Preferable examples of the polyvinyl alcohol in the PVA layer include completely-saponificated polyvinyl alcohol, carboxy-modified polyvinyl alcohol, and silica-modified polyvinyl alcohol.


The content of the polyvinyl alcohol in the PVA layer is preferably from 50 to 100% by mass of the solid content in the layer.


The PVA layer may further contain a surfactant. Examples of the surfactant include sodium alkylbenzenesulfonate, sodium alkylsulfate, sodium dioctylsulfosuccinate, and polyalkylene glycol.


In the same manner as in the case of the back layer, the PVA layer can be provided by applying a coating solution including polyvinyl alcohol. The thickness of this layer is preferably from 0.5 to 10 μm.


<Other Layers>


In the present invention, at any position on the support, for the purpose of preventing fading of the image, an ultraviolet ray filter layer may be provided. The ultraviolet ray filter layer contains an ultraviolet ray absorber such as benzotriazole compounds, benzophenone compounds and hindered amine compounds.


Further, an antireflection layer may be provided. The antireflection layer can be formed by a mixture containing particles that are usable in the back layer as a preferable matting agent.


In order to prevent the peeling of the recording layer from the support, an undercoat layer may be provided on the support before the recording layer, the protective layer and the like are provided on the support.


The undercoat layer may comprise at least one selected from acrylic ester copolymers, polyvinylidene chloride, SBR, aqueous polyesters and the like. The thickness thereof is preferably from 0.05 to 0.5 μm.


When the recording layer is applied on the undercoat layer, the undercoat layer may swell by water contained in the coating solution for forming the recording layer so that the image recorded in the recording layer may deteriorate. It is therefore preferable to use a hardening agent such as a dialdehyde (such as glutaraldehyde or 2,3-dihydroxy-1,4-dioxane) or boric acid to harden the layer. The amount of the hardening agent to be added may be appropriately determined within the range of 0.2 to 3.0% by mass based on the dry mass of the undercoat layer in accordance with a desired hardness.

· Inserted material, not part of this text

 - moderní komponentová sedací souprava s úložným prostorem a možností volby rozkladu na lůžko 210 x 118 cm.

The recording material used in the invention may be manufactured, for example, in the following procedure, but the method is not limited thereto. At one side of a support, a coating liquid for forming a recording layer (hereinafter referred to as a “recording layer coating liquid”) is applied to form a recording layer, and a intermediate layer coating liquid and a protective layer coating liquid are applied to form the respective layers on the recording layer, and at the opposite side, as mentioned above, a back layer of one layer or plural layers is formed by applying a back layer coating liquid, and further as required, other layers are formed on one side or the other side. The specific coating method at one side is same as the coating method for applying and forming the back layer.


Herein, the recording layer, intermediate layer, and protective layer may be formed at the same time, and in such a case, the recording layer coating liquid, the intermediate layer coating liquid and the protective layer coating liquid are applied simultaneously in plural layers on the support.

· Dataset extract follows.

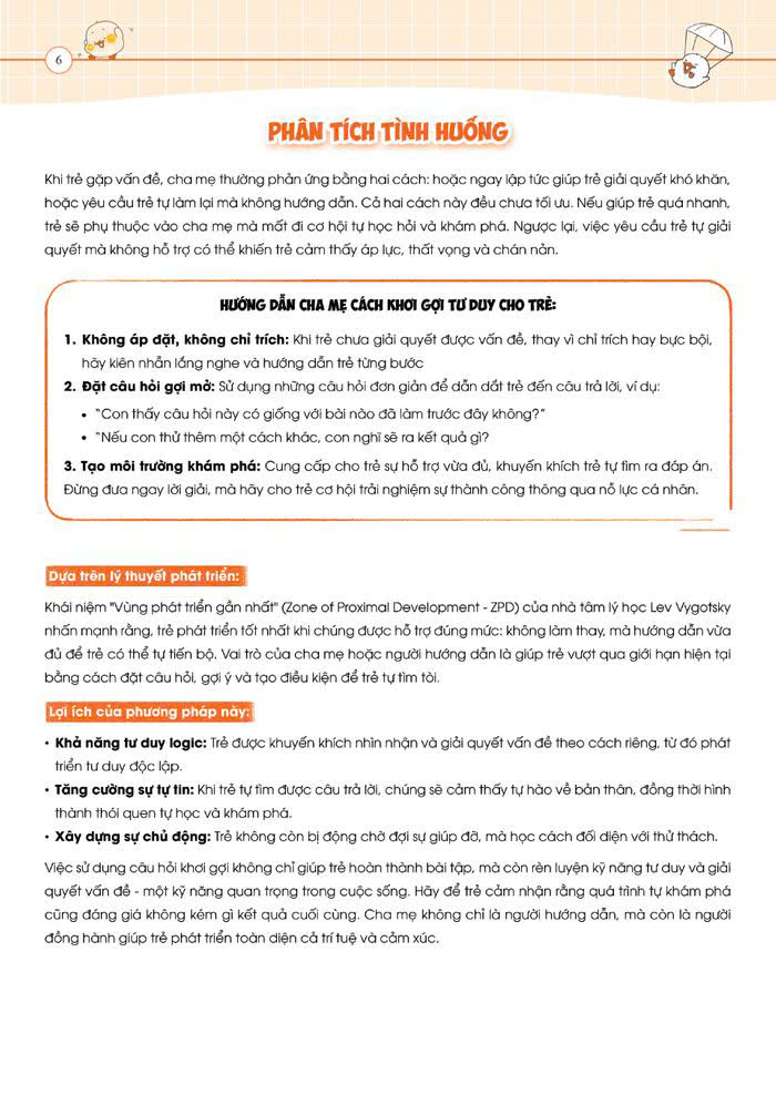 Thúc đẩy tư duy độc lập của trẻ: Thay vì áp đặt, bộ sách hướng dẫn cách đặt câu hỏi để trẻ tự suy nghĩ và rút ra bài học.

The recording method of the invention is a method of recording an image on the above-mentioned recording material by irradiating a CO2 laser having a wavelength of 9 to 11 μm. The wavelength of the CO2 laser to be irradiated is preferably 9.6 to 10.7 μm, more preferably 10.5 to 10.6 μm. By irradiating a CO2 laser having a wavelength of 9 to 11 μm, an image of high printing density can be recorded.


The CO2 laser is not particularly limited, as far as a CO2 laser light having a wavelength of 9 to 11 μm can be irradiated, and may be properly selected depending on the purpose, and a commercial laser can be used. Examples include BLAZAR 6000 manufactured by LaserTechnics, Inc., Unimark manufactured by Ushio Inc., Zymark 7000 manufactured by Coherent, Inc., ML-9110 manufactured by Keyence, Smart Rays 110 manufactured by EDM CORP., and Domino Scanning Laser manufactured by Cornes Dodwell.


The CO2 laser is preferably irradiated while adjusting such that the energy on the recording material surface is 10 to 200 mJ/mm2. More preferably, the energy on the recording material surface is 10 to 150 mJ/mm2. If the energy by the CO2 laser is less than 10 mJ/mm2, sufficient color-forming may not be achieved, or if exceeding 200 mJ/mm2, ablation may occur and the colored recording layer may be lost.


EXAMPLES

The invention is specifically described below by presenting examples, but the invention is not limited to these examples alone. In the example, the unit “%” refers to “% by mass” unless otherwise specified.


Example 1

(Preparation of Protective Layer Coating Liquid)


<Preparation of Pigment Dispersion Liquid for Protective Layer>


To 100 g of water, 30 g of a stearic acid surface treatment aluminum hydroxide (Heizilight H42S, manufactured by Showa Denko) was added as a pigment, and the mixture was stirred for 3 hours, and to this, 0.8 g of 40% aqueous solution of dispersion auxiliary (Poise 532A, manufactured by Kao), 10 g of 9.4% aqueous solution of polyvinyl alcohol (PVA105, manufactured by Kuraray), and 10 g of aqueous solution of a compound represented by the following formula [100] adjusted to 2% were added and dispersed by a sand mill, and water was added to adjust the solid concentration to 18.5%, whereby a pigment dispersion liquid for a protective layer containing a pigment for a protective layer with an average particle diameter of 0.30 μm was obtained.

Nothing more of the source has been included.